[[ Records open ]]
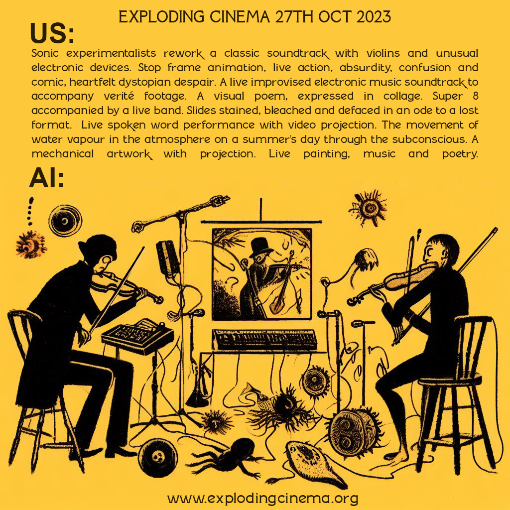 Every so often at Exploding Cinema, between the swathes of quality short films that we present to our adoring audiences, we play host to an expanded film that includes live performance with the projections.It's novel, often quirky, unpredictable and even entertaining. Despite the lavish setup involved it's always worth the hassle.
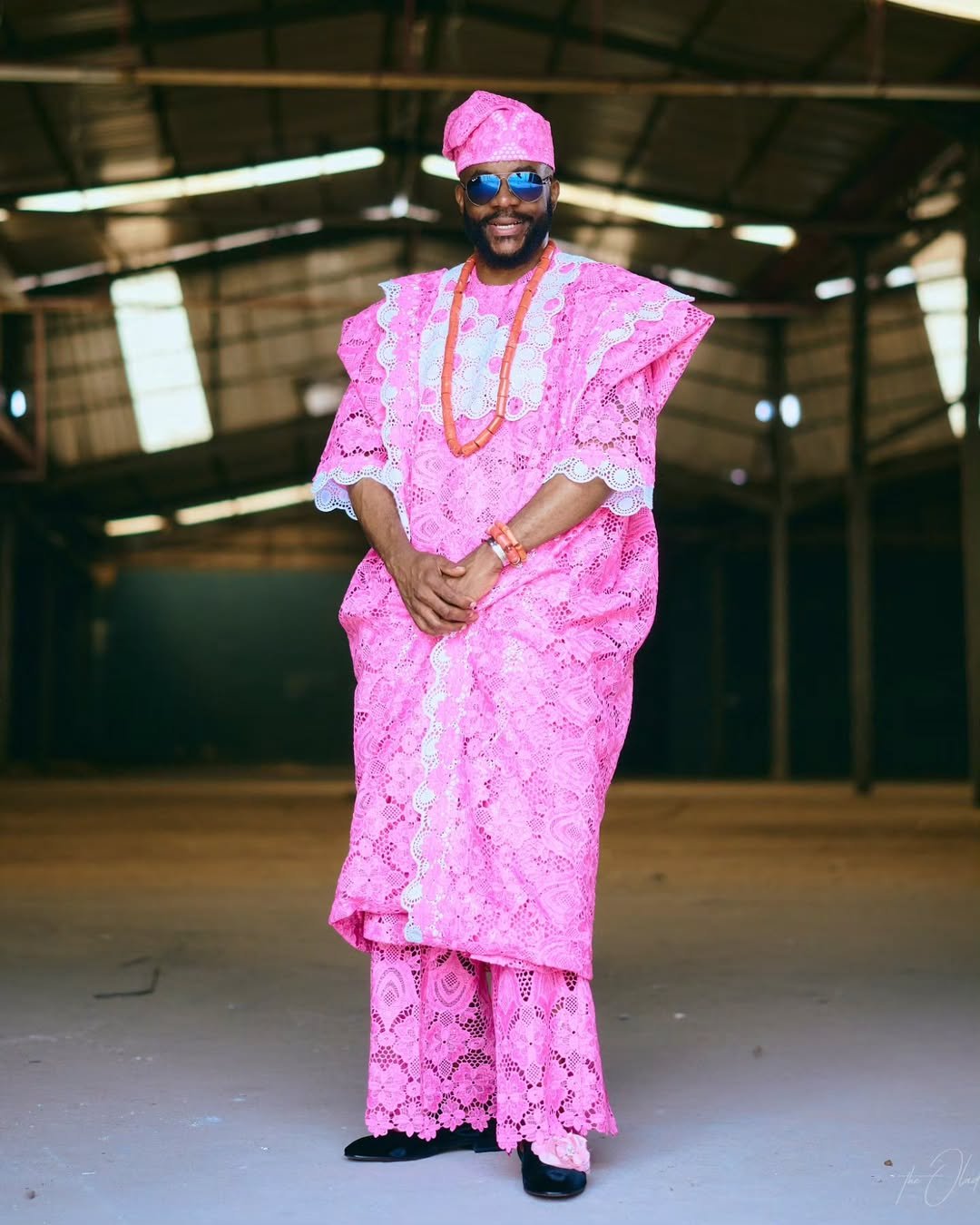 He completed the outfit with coral beads around his neck and wrists, while his dark sunglasses brought a hint of modern cool. His fila, crafted from the same pink lace, is so grand. Black shoes finished it off neatly, allowing the agbada to be the star of the moment.
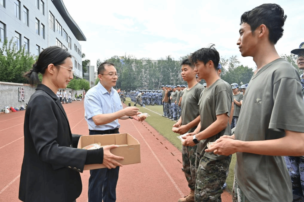 2024年9月17日农历八月十五,ai做爱 党委书记王勇、新生辅导员李晓钰来到舜耕校区风雨操场,看望正在开展军训的学院2024级新生和教官,并为他们分发定制月饼,送上暖心祝福。
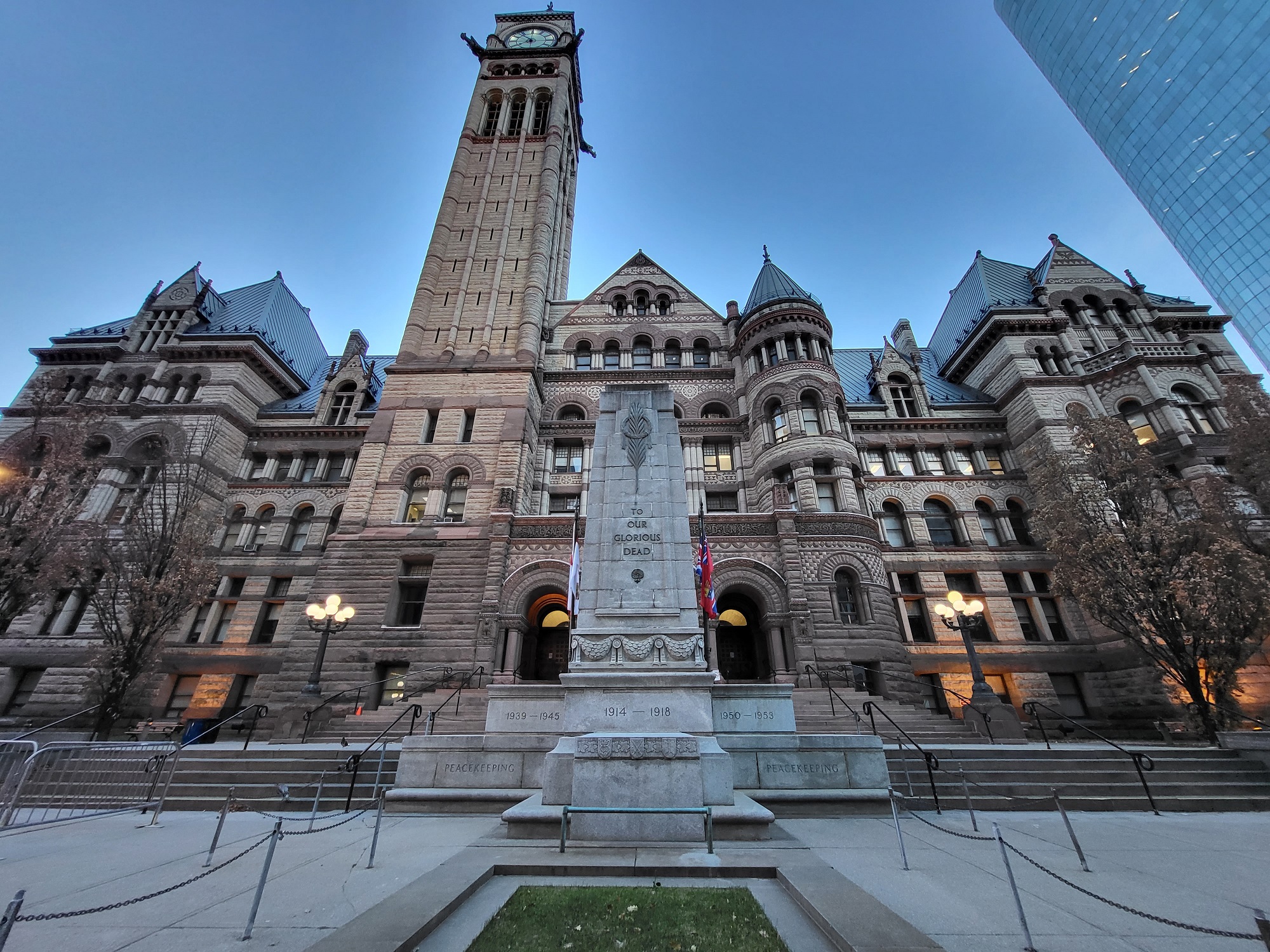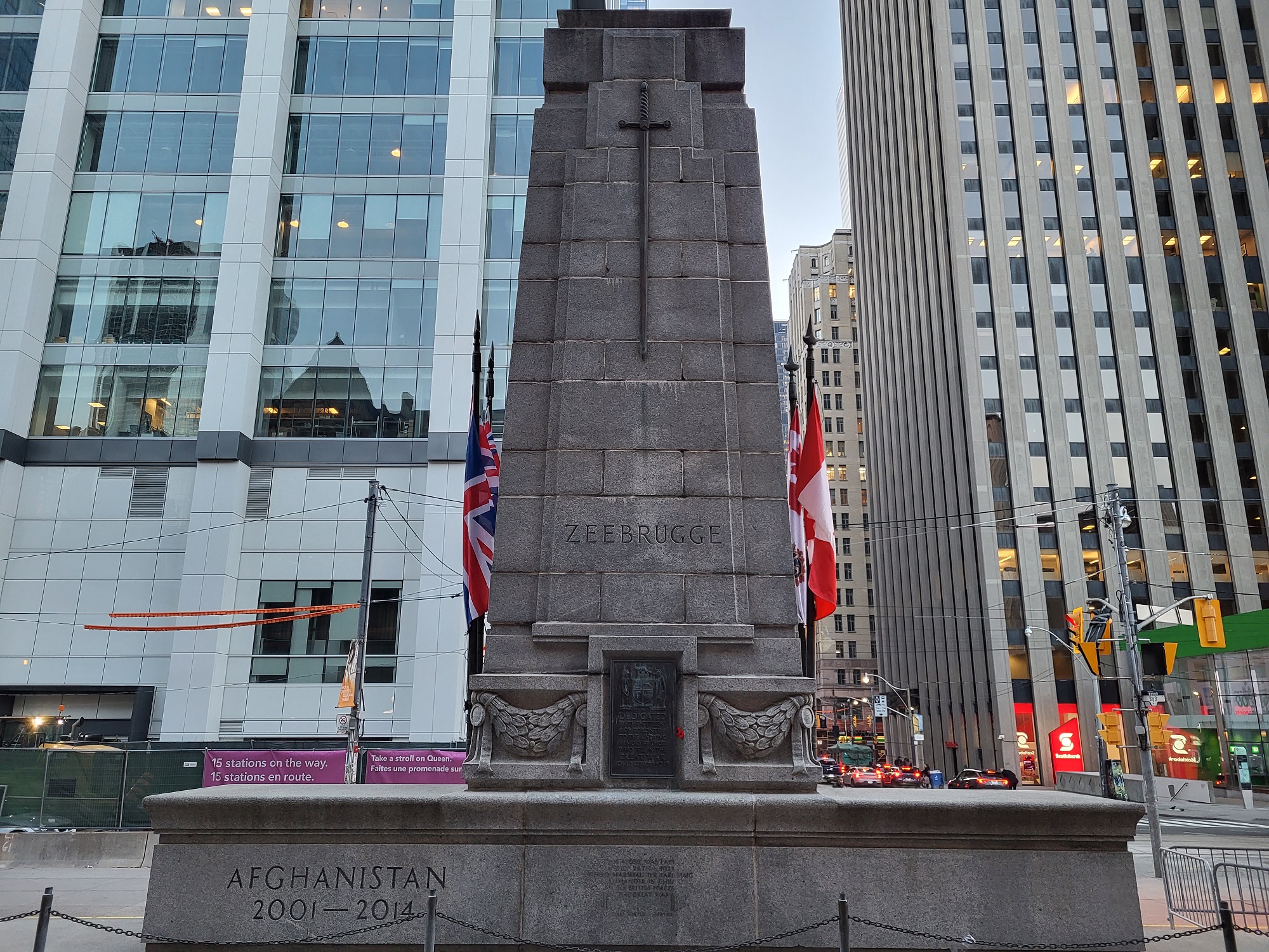 William Moncrieff Ferguson served with the 14th and 35th Battalions during WWI, then returned to Toronto in 1919. In 1924 both Ferguson and Pomphrey submitted an entry in the competition for the War Memorial Cenotaph in Toronto. From the fifty designs submitted, their scheme was awarded First Premium, accompanied by a generous fee and award of $2,500 for architectural services. A watercolour perspective of their design appeared in the R.A.I.C. Journal, ii, Jan.-Feb. 1925, 4. The WW I War Memorial Cenotaph was erected on Queen Street West at Bay Street, 1925-26. This is the main memorial in Toronto for Remembrance Day ceremonies.
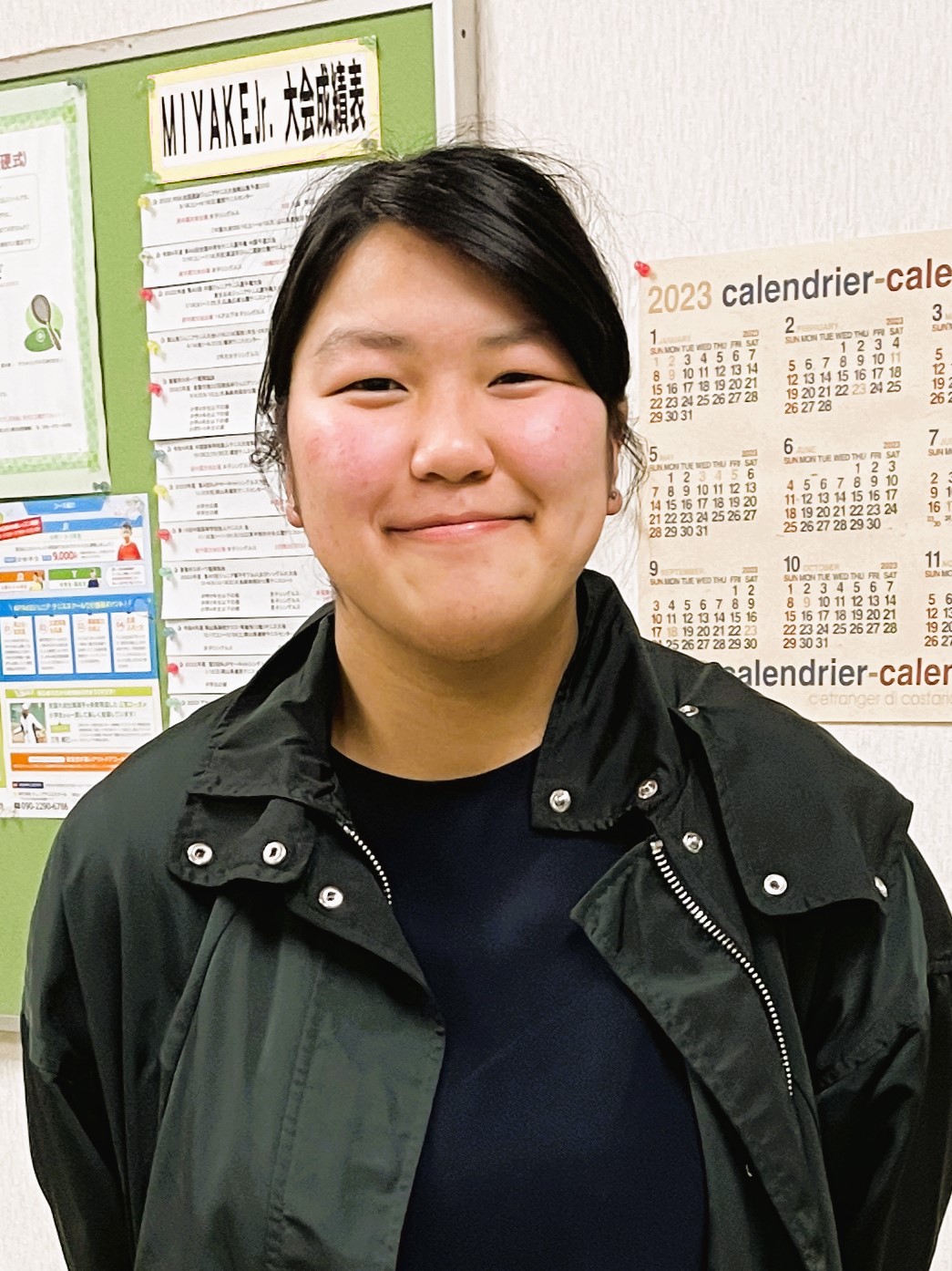テニス部を引退した野口真里も駆けつけてくれました。夢は服飾デザイナーです。
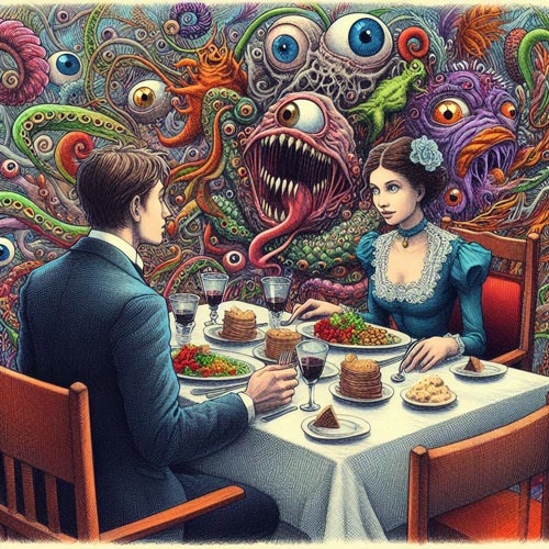 ◊ Título =   JANTAR INSANO – O título já sugere que haverá um jantar e insanidade. Loucura estará presente como aperitivo, prato principal ou sobremesa?
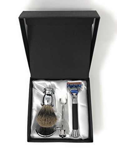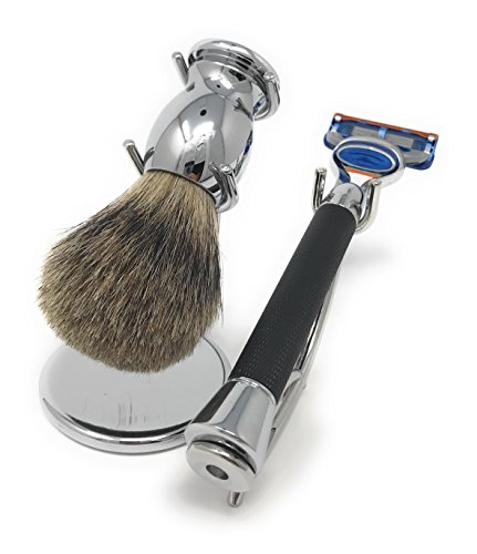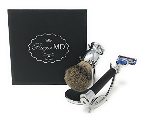 WHAT's INCLUDED: Equipped with a handmade laser-engraved handle for a secure grip, this handsome razor set ensures a smooth and comfortable shave everytime. The set includes a matching chrome Best Badger-hair shave brush and a sleek chrome shave stand for display. This 3-piece will come package in a Razor MD signature gift box.
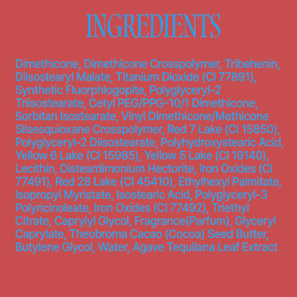 Dimethicone, Dimethicone Crosspolymer, Tribehenin, Diisostearyl Malate, Polyglyceryl-2 Triisostearate, Synthetic Fluorphlogopite, Titanium Dioxide (CI 77891), Theobroma Cacao (Cocoa) Seed Butter, Agave Tequilana Leaf Extract, Cetyl PEG/PPG-10/1 Dimethicone, Sorbitan Isostearate, Vinyl Dimethicone/Methicone Silsesquioxane Crosspolymer, Polyhydroxystearic Acid, Polyglyceryl-2 Diisostearate, Disteardimonium Hectorite, Ethylhexyl Palmitate, Isopropyl Myristate, Isostearic Acid, Lecithin, Polyglyceryl-3 Polyricinoleate, Triethyl Citrate, Caprylyl Glycol, Glyceryl Caprylate, Butylene Glycol, Water, Fragrance, Iron Oxide Red (CI 77491), Lithol Rubine BCA (CI 15850), Tartrazine (CI 19140), Iron Oxide Yellow (CI 77492), Iron Oxide Black (CI 77499)
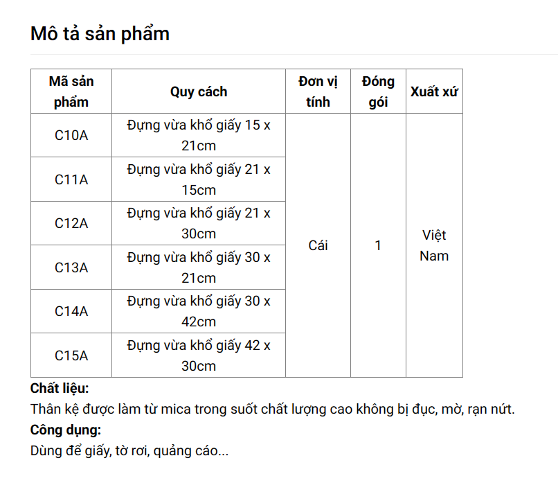Kệ nhiều giấy treo tường mica Enter C15A 43x31.5cm A3 ngang, đáy 3mm
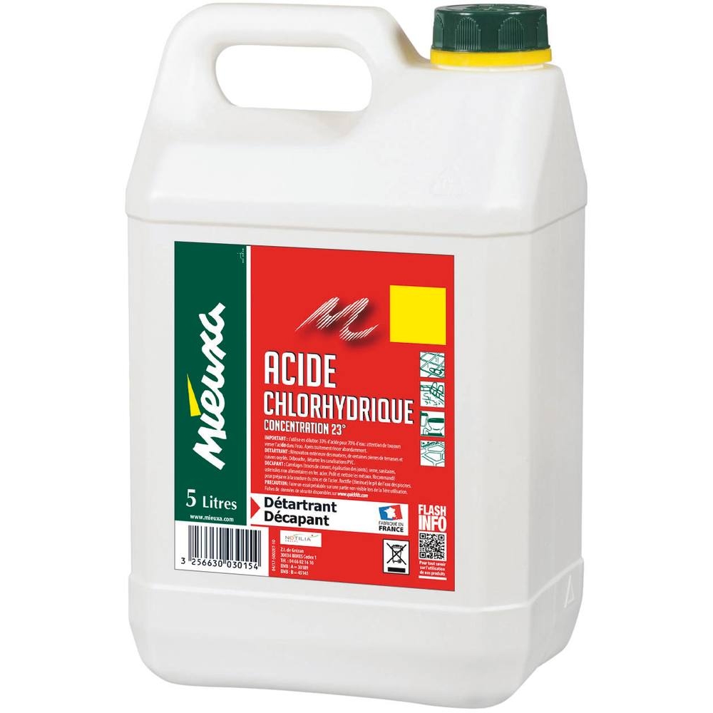 Découvrez Acide chlorhydrique 23% - bidon de 5L MIEUXA - 58257 disponible à l'achat
[[ Records closed ]]
§ What is required:
Going by the data above, the answer is exactly the lines from the one holding "テニス部を引退した野口真里も駆けつけてくれました。夢は服飾デザイナーです。" to the one holding "principal ou sobremesa?", both kept, with the pictures left out.

§ Result for this task:
テニス部を引退した野口真里も駆けつけてくれました。夢は服飾デザイナーです。
 ◊ Título =   JANTAR INSANO – O título já sugere que haverá um jantar e insanidade. Loucura estará presente como aperitivo, prato principal ou sobremesa?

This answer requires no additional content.